Content starts

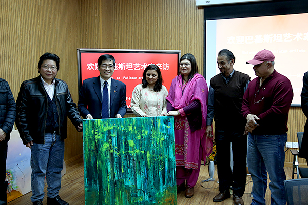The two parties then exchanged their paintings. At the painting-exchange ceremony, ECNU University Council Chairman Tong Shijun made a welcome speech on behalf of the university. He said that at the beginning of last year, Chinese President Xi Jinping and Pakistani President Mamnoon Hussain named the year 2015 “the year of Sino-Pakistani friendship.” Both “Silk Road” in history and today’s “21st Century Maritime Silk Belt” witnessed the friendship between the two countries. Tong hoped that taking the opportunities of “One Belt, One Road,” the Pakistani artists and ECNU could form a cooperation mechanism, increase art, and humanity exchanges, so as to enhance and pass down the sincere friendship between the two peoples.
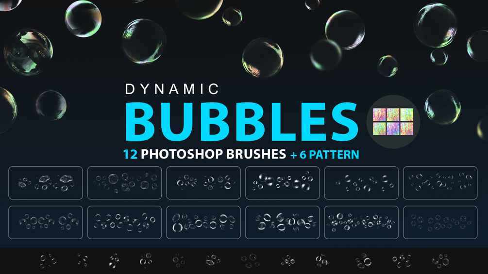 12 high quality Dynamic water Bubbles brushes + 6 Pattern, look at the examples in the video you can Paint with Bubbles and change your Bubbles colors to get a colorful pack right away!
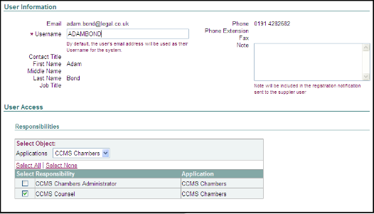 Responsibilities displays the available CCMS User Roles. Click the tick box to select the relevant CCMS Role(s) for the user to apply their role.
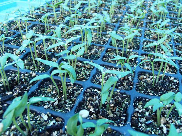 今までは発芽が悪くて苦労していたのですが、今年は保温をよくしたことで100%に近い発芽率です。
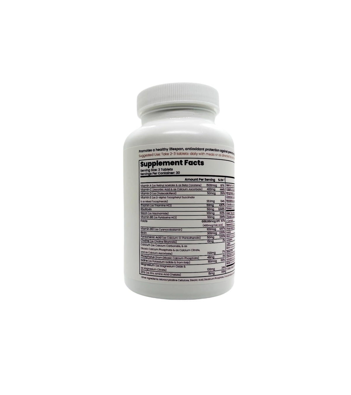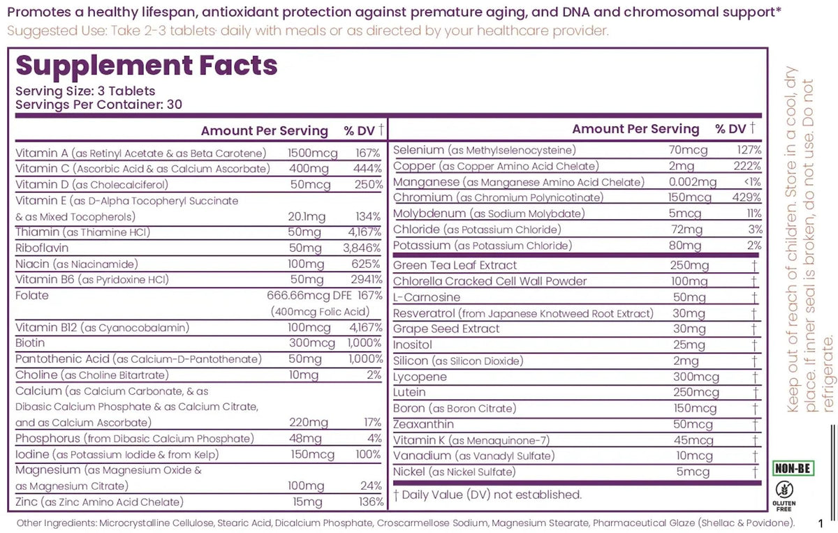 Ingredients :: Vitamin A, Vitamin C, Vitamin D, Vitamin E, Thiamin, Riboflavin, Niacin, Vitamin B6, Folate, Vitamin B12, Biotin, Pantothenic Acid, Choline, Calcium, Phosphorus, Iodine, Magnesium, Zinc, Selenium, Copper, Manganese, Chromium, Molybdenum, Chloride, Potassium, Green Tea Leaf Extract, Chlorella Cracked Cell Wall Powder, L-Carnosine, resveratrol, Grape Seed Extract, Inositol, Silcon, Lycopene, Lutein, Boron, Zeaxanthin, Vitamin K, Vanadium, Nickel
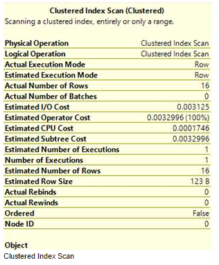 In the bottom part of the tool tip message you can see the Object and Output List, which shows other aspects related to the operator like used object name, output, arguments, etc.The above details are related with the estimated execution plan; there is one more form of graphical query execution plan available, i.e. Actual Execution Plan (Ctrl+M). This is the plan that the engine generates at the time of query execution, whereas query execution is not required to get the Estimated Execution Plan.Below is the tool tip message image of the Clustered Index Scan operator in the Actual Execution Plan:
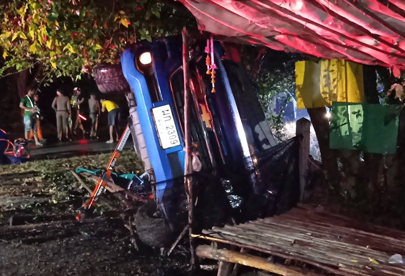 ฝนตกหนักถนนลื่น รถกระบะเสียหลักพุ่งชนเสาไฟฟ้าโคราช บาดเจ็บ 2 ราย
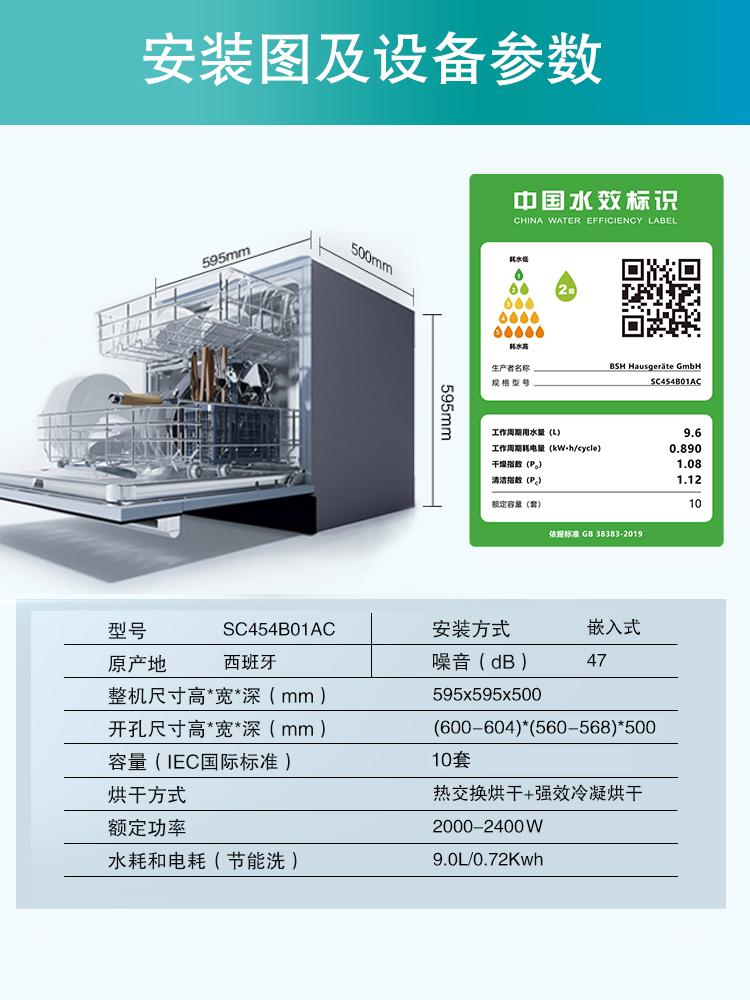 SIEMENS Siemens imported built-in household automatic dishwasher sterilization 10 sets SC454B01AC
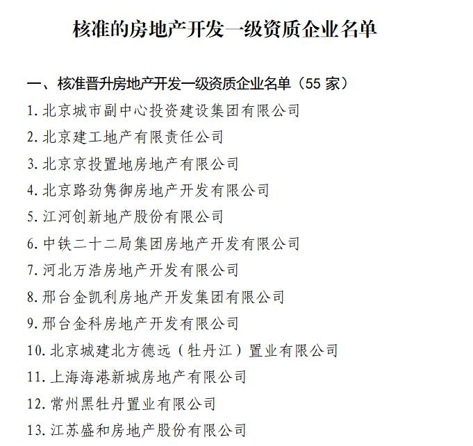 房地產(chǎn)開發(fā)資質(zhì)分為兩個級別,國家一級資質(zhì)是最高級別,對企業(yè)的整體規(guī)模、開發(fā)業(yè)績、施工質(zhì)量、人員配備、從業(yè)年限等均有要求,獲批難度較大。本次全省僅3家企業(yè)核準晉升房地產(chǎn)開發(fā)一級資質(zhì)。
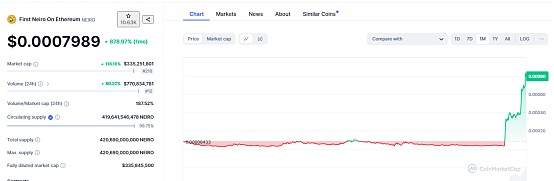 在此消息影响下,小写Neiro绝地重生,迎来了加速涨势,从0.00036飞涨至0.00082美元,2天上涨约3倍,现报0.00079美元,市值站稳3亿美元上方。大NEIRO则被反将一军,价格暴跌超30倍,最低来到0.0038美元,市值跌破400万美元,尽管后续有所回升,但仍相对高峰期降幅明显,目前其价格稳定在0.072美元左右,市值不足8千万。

Content ends
Content starts

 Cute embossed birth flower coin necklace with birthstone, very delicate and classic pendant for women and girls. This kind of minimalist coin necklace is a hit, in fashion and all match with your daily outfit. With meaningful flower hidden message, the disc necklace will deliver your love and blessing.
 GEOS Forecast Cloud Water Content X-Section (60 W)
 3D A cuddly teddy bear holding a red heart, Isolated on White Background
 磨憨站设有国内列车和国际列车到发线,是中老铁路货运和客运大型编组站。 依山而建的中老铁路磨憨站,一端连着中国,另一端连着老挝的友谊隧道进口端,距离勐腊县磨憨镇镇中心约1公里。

Content ends
Content starts

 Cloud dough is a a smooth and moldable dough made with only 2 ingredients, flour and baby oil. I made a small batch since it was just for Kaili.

Content ends

WORK TASK:
Above are the records. Copy only the lines from the one with "Responsibilities displays the" through the one with "今までは発芽が悪くて苦労して", exactly, with no pictures.

SOLUTION TO THE PROBLEM:
 Responsibilities displays the available CCMS User Roles. Click the tick box to select the relevant CCMS Role(s) for the user to apply their role.
 今までは発芽が悪くて苦労していたのですが、今年は保温をよくしたことで100%に近い発芽率です。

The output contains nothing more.